Эван читает дневник как актер. Он говорит с интонацией автора, воспроизводит эмоции. И делает он это так искренне, что я с трудом сдерживаю смешок.
22.6.1913
Чудесный день! Устроили пикник на пляже. Взяли несколько шлюпок с яхты и отправились на маленький остров. Там моряки построили для нас павильон с ковром и банкетным столом – были чай с молоком, фрукты, конфеты. Вкуснейшие черничные тарталетки! Насмешила Марию, слизывая варенье с носа со скрещенными глазами.
После чая играли в жмурки. Папа тоже с нами играл, и все валились со смеху – даже слуги, – когда он спотыкался, стараясь идти ровно, едва ли не наступая на платье Т. Как же мне хотелось никогда не возвращаться в Петербург, а вместо этого отправиться на «Штандарте» в кругосветное путешествие, как команда пиратов. Никакого двора, никаких церемоний.
Эван замолкает, поднимая на меня глаза. Церемонии, слуги, двор…
– Так… – говорю я, собирая кусочки пазла в голове.
Но Эван поднимает руку, чтобы я пока молчала, и достает другой дневник.
– Вот этот, – говорит он, – написан позже. В тысяча девятьсот пятнадцатом.
Сегодня Шура меня отругала, но я так скучаю! Она говорит, что в нашей империи сотни тысяч девочек, которые отдали бы руку и ногу, чтобы оказаться на моем месте.
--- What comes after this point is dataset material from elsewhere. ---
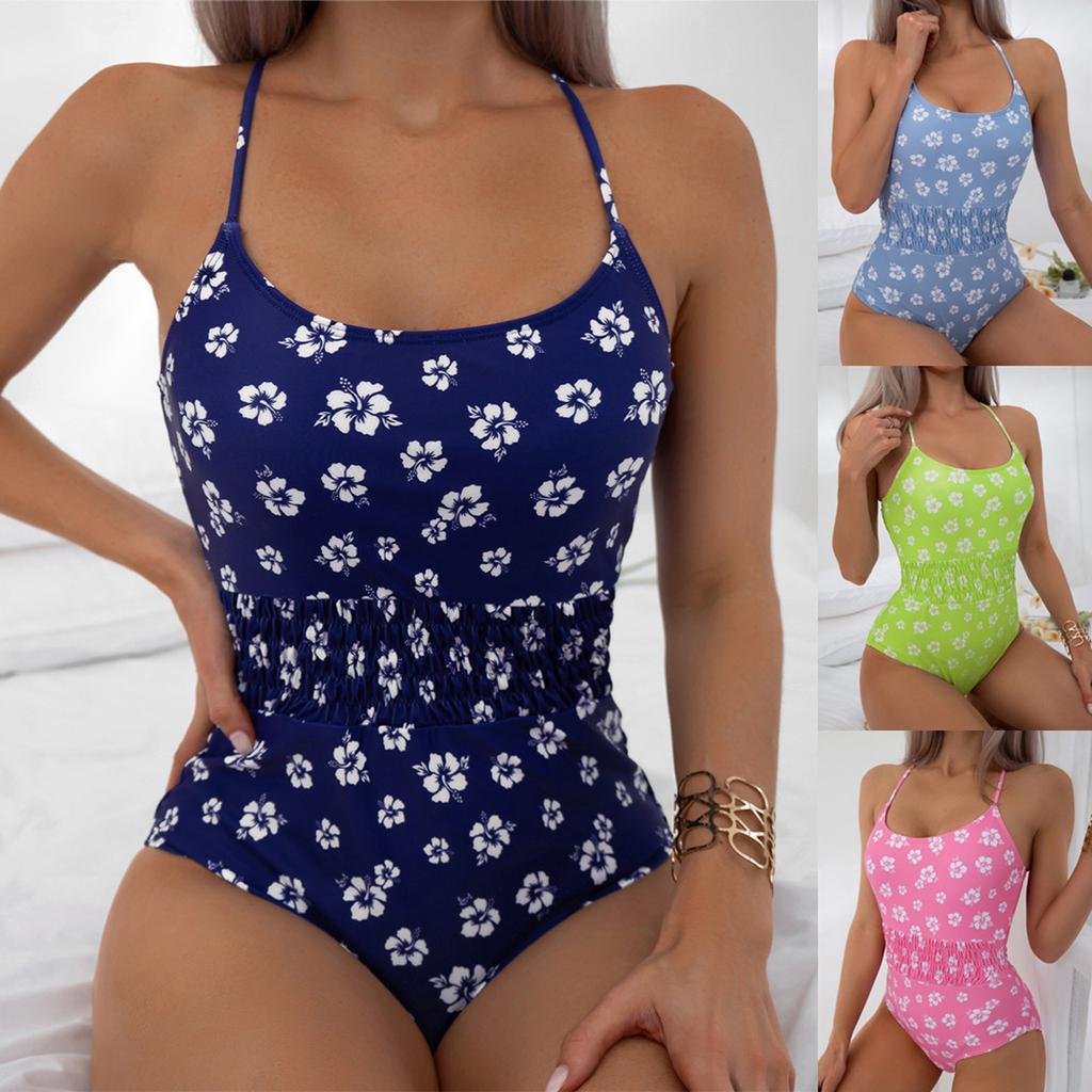 Женский купальный костюм, плиссированный купальный костюм с открытой спиной и милой девушкой со свежим цветочным принтом

Но эти девочки не понимают, как нам одиноко!!! Мы никогда не устраиваем праздников, дорогой дневник, только для бабушки и скучных дядюшек и тетушек. Мама говорит, что так лучше. Говорит, придворные – крысы и сплетники, которые недолюбливают ее из-за немецкой крови, и доверять нельзя никому, кроме отца Григория и, конечно, милой Шуры, но она просто нянечка.
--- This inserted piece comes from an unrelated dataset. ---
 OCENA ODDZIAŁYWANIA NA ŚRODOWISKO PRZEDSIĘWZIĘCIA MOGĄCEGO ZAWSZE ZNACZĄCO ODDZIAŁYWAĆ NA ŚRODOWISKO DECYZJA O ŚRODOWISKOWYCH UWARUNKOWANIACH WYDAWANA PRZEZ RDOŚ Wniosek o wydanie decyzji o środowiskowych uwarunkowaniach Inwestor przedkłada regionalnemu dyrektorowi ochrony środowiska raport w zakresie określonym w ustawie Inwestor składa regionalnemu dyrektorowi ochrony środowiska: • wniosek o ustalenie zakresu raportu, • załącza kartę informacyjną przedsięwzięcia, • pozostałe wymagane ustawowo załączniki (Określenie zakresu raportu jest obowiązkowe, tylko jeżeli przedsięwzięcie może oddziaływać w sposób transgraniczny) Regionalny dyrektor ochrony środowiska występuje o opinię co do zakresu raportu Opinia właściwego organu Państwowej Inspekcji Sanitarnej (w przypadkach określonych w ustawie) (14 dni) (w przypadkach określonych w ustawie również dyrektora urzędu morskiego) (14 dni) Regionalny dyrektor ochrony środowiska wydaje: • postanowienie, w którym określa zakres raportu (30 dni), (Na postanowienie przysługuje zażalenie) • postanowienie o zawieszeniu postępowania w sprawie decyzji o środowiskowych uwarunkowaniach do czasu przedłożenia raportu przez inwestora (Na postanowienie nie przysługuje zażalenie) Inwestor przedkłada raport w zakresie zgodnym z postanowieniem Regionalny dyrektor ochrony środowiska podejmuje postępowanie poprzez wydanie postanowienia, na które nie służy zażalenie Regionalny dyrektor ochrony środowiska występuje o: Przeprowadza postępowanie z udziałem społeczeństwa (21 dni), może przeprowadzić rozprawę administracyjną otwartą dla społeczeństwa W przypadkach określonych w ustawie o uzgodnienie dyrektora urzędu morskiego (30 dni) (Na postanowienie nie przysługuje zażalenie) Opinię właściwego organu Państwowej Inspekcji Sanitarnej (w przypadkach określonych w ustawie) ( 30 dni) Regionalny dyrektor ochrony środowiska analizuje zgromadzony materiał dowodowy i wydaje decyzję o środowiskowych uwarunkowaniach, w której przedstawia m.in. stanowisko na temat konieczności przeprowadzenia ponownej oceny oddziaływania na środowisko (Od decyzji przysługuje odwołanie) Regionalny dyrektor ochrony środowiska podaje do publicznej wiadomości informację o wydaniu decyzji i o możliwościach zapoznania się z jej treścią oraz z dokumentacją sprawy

Иногда мне позволяют играть с Глебом, сыном врача, но ведь девочке нужны подруги! С кем же мне делиться секретами?
Поскольку мне не с кем поделиться нашей скромной жизнью в Царском Селе, расскажу все тебе, дорогой дневник.
Мы делим комнату с Марией. Она будит меня по утрам (свинюшка). Сначала мы желаем доброго утра маме в ее «будуаре», как говорит месье Жильяр. У нее самая замечательная комната в доме, там все – мебель, шторы, даже обои – пыльно-лилового цвета. Каждое утро слуги приносят в комнату цветы. Если лечь на оттоманку и прикрыть глаза, чтобы смотреть только через ресницы, кажется, что лежишь в поле сирени. Мама говорит, так англичане украшают дома, – она-то знает.